So many jackets…

. . . so many forgotten cookies to be found in the pockets. It happened again today. I grab an old rain shell from the closet that I hadn’t worn in a long time. When I put it on, I feel something in the pocket. My hand closes around the Buddy Biscuit. And I remember. I remember everything. And I start to cry. It’s unexpected, like the cookie. It is a grief burst. I take the cookie man out of my pocket, put him on the table, and see that he’s broken. I try to put him back together, cry a little more, and then continue out the door with Teagan. I carry on with my day. But I don’t forget those broken pieces, that smiling cookie, my lost friend.

2 Comments

Filed under Grief and loss, Memory

2 responses to “So many jackets…

  1. I tried to leave this comment on your post on ALDF’s site about Alec and Teagan but couldn’t get it to work! Hopefully it will here:

    Wow, I found your story after following you here from your Teagan fan page on Facebook, which Janice posted a link too. I am so happy you and Teagan found each other and so and it makes my heart smile knowing that she will have such a wonderful, loving life with you.

    Your story about Alec struck so many chords with me. We lost our baby boy, Billy The Dog (this we jokingly referred to as his full name – when we caught him doing something bad we would say, “Billy The Dog, what are you eating?” just like when I was little my parents called me by my full name when I was getting in trouble) in December 2009 and still haven’t been able to bring ourselves to bring home another.

    Losing him felt similarly unfair although, honestly, we had a lot longer with him. He was almost 15 years old which is tremendous for a Dalmation. Before he died he had been having more and more trouble for months. He had recently contracted (but beaten!) Lyme disease, he had been having mobility problems and we’d been carrying him up and down 2 flights of stairs in our apartment building every time he had to go outside for months. This was no small task as he was large for a Dalmation and weighed about 75 pounds. However, with a mommy’s and daddy’s love we did it.

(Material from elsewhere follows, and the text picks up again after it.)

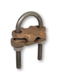 U-bolt type pipe bonding clamp with cast bronze cable connection and 5/16" stainless steel U-bolt. Accepts all cables through No. 507 and a maximum pipe O.D. of 1 7/16". Also used to support air terminals on vertical pipe masts or conduit mounted lights, etc.

    Losing him was a particular shock because earlier that very day he had been to the vet and while they had diagnosed him with spinal stenosis (the cause of his lameness) they had otherwise found him in fairly good health, and told us basically he was going to lose more mobility but he wasn’t in any pain and we said OK, we’ll keep carrying him. That’s OK.

    However, for about the previous 2-3 weeks he had seemed depressed. Less interested in food, only eating people food when offered, and only very specific kinds. No interest in his dog food anymore. He was probably just done and ready to go. But we didn’t really see that.

    Sadly, we were actually out of the house when we died. We came home and found him gone, lying on his bed. For me instant hysteria took over. I just remember saying his name over and over and “Why? Why?” The vet just told us he was OK! It felt so unfair. I remember telling him over and over, “Billy I would have carried you every day for ten more years!”

    While the sharp pain of losing him isn’t a daily thing anymore, I still usually tear up just being in the neighborhood we lived in last with him now, and my thoughts always turn to him there, to times when he was more mobile and would run in the park with us.

    I think for me the hardest thing was just the sudden shock of it, and the fact that he was alone. Despite knowing he had a pretty good life, and certainly a long one, I regret all the walks he didn’t get, all the times I snapped at him in annoyance when he pestered for food or did something he wasn’t supposed to, and most of all I regret that he died all alone.

    I work on remembering the good times and knowing that we love him so very much. But it still sucks.

  2. Jenn, I just wanted to say thank you for this comment and for sharing your story about Billy The Dog. It dredged up so many thoughts and emotions in me! I wanted to take some time to ponder before responding (my grief process is slooooow – and people like you are a helpful part of that process), but I just wanted to let you know that I read it and was grateful; your story struck a lot of chords with me too!